Over all, HUD announced the allocation of $52.9 million to public housing authorities across the state. The grants are provided through HUD’s Capital Fund Program, which allows public housing authorities to build, repair and renovate public housing.
One of Boston’s most recent projects is the renovation of the Charlestown public housing community. Corcoran Jennison Associates, a Boston-based development company, was tapped for the project, which will demolish and rebuild the 1,100-unit community.
“HUD has a responsibility to provide public housing residents with a quality and safe roof over their heads,” said HUD Secretary Julian Castro in the press release from Feb. 11. “This funding, in addition to assistance from the private sector through HUD’s Rental Assistance Demonstration Program, will help housing authorities address longstanding capital improvements and preserve and enhance America’s affordable housing.”

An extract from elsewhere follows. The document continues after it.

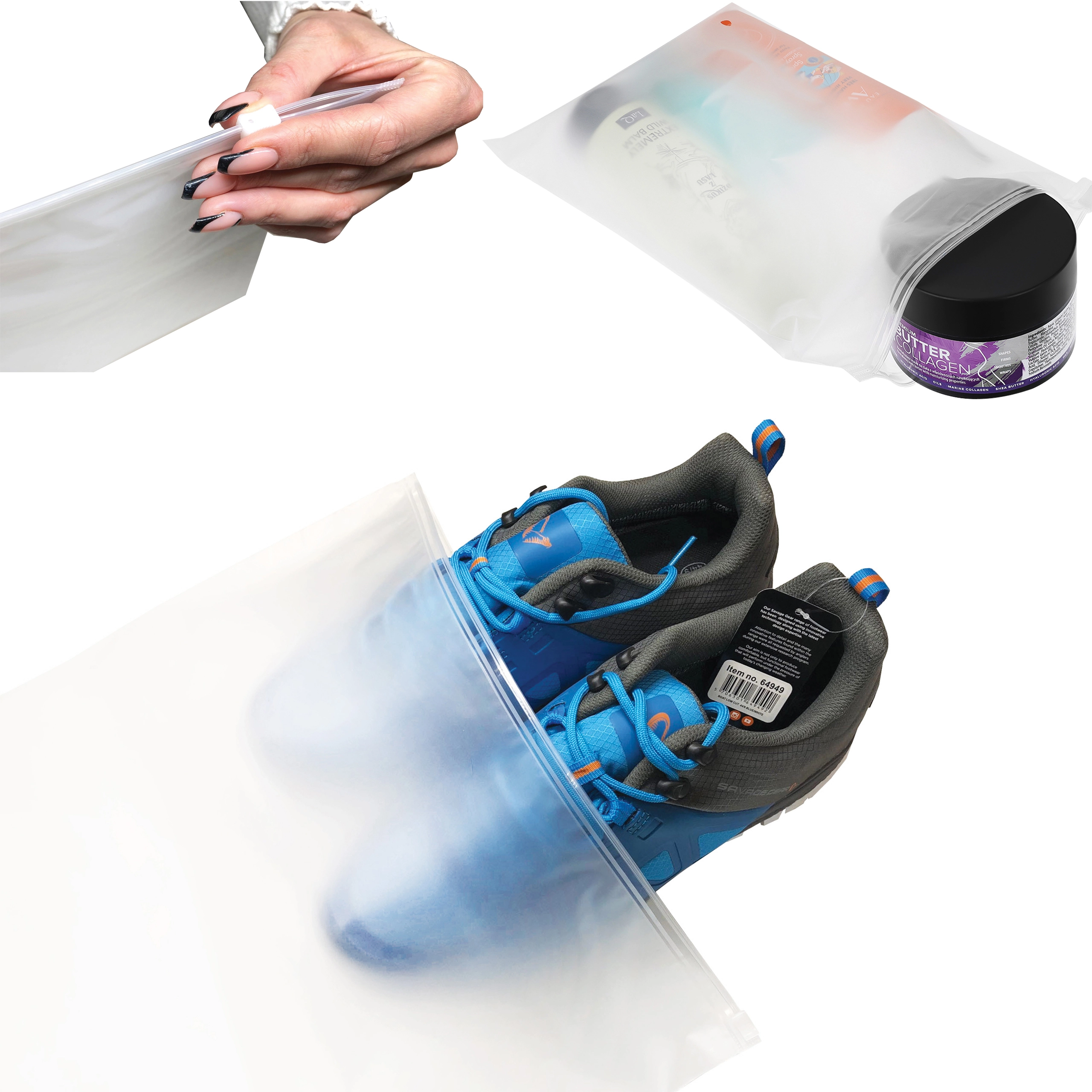 Praktične, večkrat uporabne vrečke z zadrgo v velikosti 250 × 200 mm za pregledno shranjevanje in zaščito predmetov na poti in doma. Ponašajo se z mat, polprosojnim materialom, zanesljivim zapiranjem na zadrgo in vsestransko uporabo od kozmetike do obutve. Pakiranje vsebuje 50 kosov.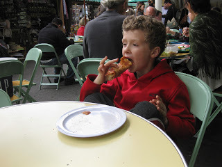 My dad's chemotherapy regimen makes his feet swell and blister, so he was our designated driver, which kid B found perfectly convenient. Neither of their feet ever touched terra firma.

Despite the funding, overall grants for capital improvements have declined nationally and within Massachusetts. According to the BHA’s 2015-2019 Five-Year Agency Plan, reduced congressional appropriations have provided public housing authorities with 80 to 95 percent of an authority’s annual eligible funding. In 2015, public housing authorities, including BHA, expected to receive only 87 to 89 percent of their eligible funding.
“BHA now faces an unprecedented lack of support at the federal level,” the report says. “This reduced funding is expected to continue. The funding shortfalls threaten to severely impact the public housing program and will constrain the BHA’s ability to continue on the positive trajectory it has established in the past 20 years.”
This means that for 2015, the BHA estimated that it would not receive $6.8 million of operating subsidy, which is needed to operate properties. A 2011 third party report by Cambridge Abt Associates Inc., found the nation’s 1.1 million public housing units are facing an estimated $25.6 billion in large-scale repairs.
“It’s definitely useful funding and we appreciate that we receive that capital funding,” Argo said. “It allows us to provide capital improvement but it’s largely infrastructural projects. We need to address them if we want to preserve housing for future generations.”